Research has the Vikings sourcing iron ingots from India, which happened to contain Vanadium and other trace elements which provided additional strength.

There is also a further unique process some Viking smiths used to reduce impurities, and they marked their swords with the word Ulfberht.

These weapons must have had a high reputation, because archaeologists have found weaker copies that misspelled the name.

Anyway, just a few references for anyone else wanting to look moe closely into this aspect of sword forging:

Ulfberht - Wikipedia, the free encyclopedia
Wootz steel - Wikipedia, the free encyclopedia
The Key Role of Impurities in Ancient Damascus Steel Blades

And here's a really interesting program on Youtube about it:


----------



## Wizraban (Jun 14, 2014)

I watched a TV report on these Ulfberht swords some time ago. Then I looked what Wikipedia had to say. It was quite interesting to see how different the information in different Wikipedias was. While the English one replicated the report, the German version debunked it as nonsense.

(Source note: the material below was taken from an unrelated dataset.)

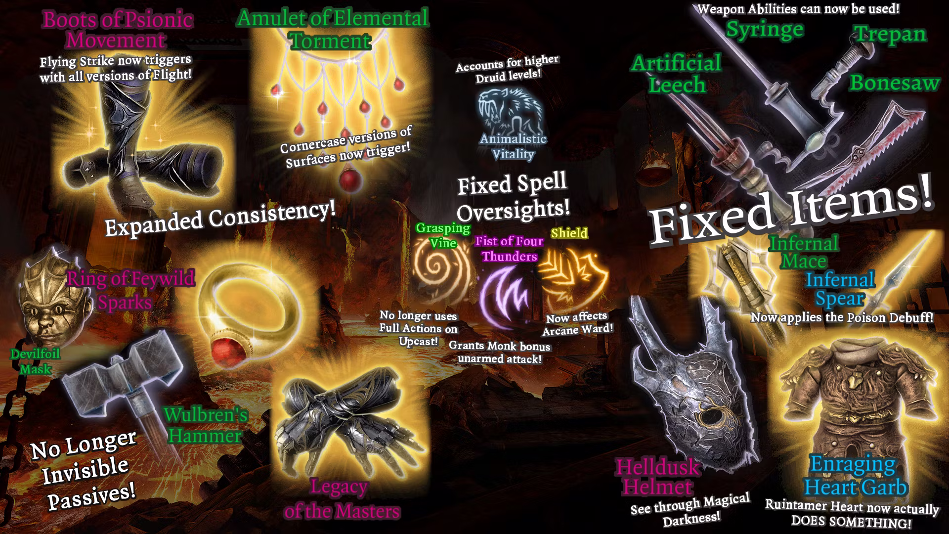 - 元素折磨之戒现在检查更多合理的表面,如冰、其他毒物和火焰变体以及困难地形,并根据情况应用效果。

It seems quite obvious to me that the swords weren't made by Vikings. The signature is written in Latin letters rather than runes, and it contains Christian symbols, not pagan ones.


----------



## thaddeus6th (Jun 14, 2014)

Ulfberht swords were mentioned in the Viking Unofficial Manual as being excellent.

This also reminds me of a Lindy Beige video where he had a go at the katana's mighty reputation and suggested Viking swords (no brand mentioned) were better, but, better still, were even older Celtic swords.

Edited extra bit: I knew I'd read something relevant earlier today. It's about vanadium, mostly to do with battery power, but there's a little about steel blades:
http://www.bbc.co.uk/news/magazine-27829874


----------